FacebookCamp Montreal post mortem

Whew. What a crazy couple of weeks. Non-stop action. I’m more than happy to spend the last half of Friday evening quietly reflecting on the sweet success of Wednesday night’s Facebook Camp Montreal.

The doorman’s clicker-thingy said 213 people were in attendance – since there were about 50 bodies in the space before he started his shift, I’d say we had over 250 Facebook maniacs streaming in and out of the SAT that night. Great turnout.

I was the guard-dog .. erm .. timekeeper for the marketing stream presentations, so couldn’t make it over to the developer side of the venue, but I hear their presentations were really interesting.

Highlights for me definitely included Eric Bolduc’s presentation of ratsdeville‘s use of the Facebook space… not only because Eric is a close friend whose project I support through PR strategic advice that included his introduction to social media platforms like Facebook, but because he did a great job with the 5 minutes he was given. Not only that, but Eric managed to coin the evening’s catch phrase : Facebook is the blog of my blog. Like Thane Calder said later on in the Future panel, there’s something really insightful about that comment that has some interesting implications. As Eric’s presentation demonstrated, his use of Facebook is definitely having a terrific impact on his blog’s traffic stats.

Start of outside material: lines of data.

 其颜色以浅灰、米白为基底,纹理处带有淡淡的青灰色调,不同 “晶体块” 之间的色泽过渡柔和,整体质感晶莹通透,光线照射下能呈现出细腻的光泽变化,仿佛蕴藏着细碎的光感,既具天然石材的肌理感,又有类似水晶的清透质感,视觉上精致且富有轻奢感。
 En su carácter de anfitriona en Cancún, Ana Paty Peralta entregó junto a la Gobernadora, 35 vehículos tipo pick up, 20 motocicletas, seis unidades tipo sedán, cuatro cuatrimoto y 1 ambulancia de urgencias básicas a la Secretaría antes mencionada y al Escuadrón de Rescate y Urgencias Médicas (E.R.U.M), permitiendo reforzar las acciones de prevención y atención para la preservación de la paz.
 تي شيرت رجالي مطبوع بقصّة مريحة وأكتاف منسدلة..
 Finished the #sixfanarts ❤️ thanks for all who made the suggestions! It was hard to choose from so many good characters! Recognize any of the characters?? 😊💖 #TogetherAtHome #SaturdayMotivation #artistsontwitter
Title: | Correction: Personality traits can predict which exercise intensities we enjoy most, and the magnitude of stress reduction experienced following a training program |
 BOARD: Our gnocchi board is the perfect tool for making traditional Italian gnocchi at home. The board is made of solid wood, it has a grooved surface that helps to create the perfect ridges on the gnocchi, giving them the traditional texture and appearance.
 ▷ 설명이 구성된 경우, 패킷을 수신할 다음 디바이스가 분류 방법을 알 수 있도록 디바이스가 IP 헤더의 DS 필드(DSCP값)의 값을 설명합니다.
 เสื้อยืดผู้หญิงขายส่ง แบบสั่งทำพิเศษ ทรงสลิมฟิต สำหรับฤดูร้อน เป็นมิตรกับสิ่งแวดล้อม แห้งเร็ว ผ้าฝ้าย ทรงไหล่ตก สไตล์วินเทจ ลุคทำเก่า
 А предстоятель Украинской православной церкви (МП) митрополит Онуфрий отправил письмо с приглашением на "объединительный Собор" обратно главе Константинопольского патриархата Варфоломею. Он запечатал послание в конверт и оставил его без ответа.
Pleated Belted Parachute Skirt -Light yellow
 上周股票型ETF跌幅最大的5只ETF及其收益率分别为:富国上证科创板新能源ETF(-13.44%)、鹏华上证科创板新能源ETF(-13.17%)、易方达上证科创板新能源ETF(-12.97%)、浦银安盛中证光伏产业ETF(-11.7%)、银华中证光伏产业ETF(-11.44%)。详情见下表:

I also really enjoyed the Future panel, with Thane Calder, Sébastien Provencher, Martin Lessard, Bruno Boutot and Sylvain Carle. One thing that stuck with me was Sébastien’s reflection on the impact a social media platform like Facebook will have on the Web of the future : like him, I remember a pre-Mosaic web and have known for a long time that the Web can be an interactive platform that goes well beyond dating and gaming sites. But now, Monsieur-et-Madame-tout-le-monde are cluing in to that reality and the Web will never be the same.

There are two ages of the Internet – before Mosaic, and after. The combination of Tim Berners-Lee’s Web protocols, which provided connectivity, and Marc Andreesen’s browser, which provided a great interface, proved explosive. In twenty-four months, the Web has gone from being unknown to absolutely ubiquitous.

A Brief History of Cyberspace, Mark Pesce, ZDNet, October 15, 1995

Social media is still pretty new to Montreal marketers and I think that was reflected in some of the panel discussions Wednesday night. Some are treading carefully (if at all) on new ground, while others are willing to start getting their hands dirty by experimenting.

PR people, be aware : marketers might still be skeptical about social media, but if their presence (and your general absence) Wednesday night is any indication, they’re well on their way to getting cozy with it and will be quite capable of guiding their (your?) clients into the space sooner, rather than later. So how about it? Are you ready?

I’m getting there, thanks in large part to events like FacebookCamp. It was great to be involved in the organization of this first edition. Thanks to the other members of the organizing committee for inviting me on board : Sylvain Carle, Sébastien Provencher, Thane Calder, Geoffroi Garon, Tanya McGinnity and Antoine Girard.

À la prochaine!

2 réponses à “FacebookCamp Montreal post mortem”
  1. Avatar de ratsdeville

    thank you for bloging about our recent passage at FacebookCamp Montréal – and for everything else 🙂


  2. Avatar de Tanya McGinnity
    Tanya McGinnity

    Great wrap up Michelle. The event was well attended and featured great speakers.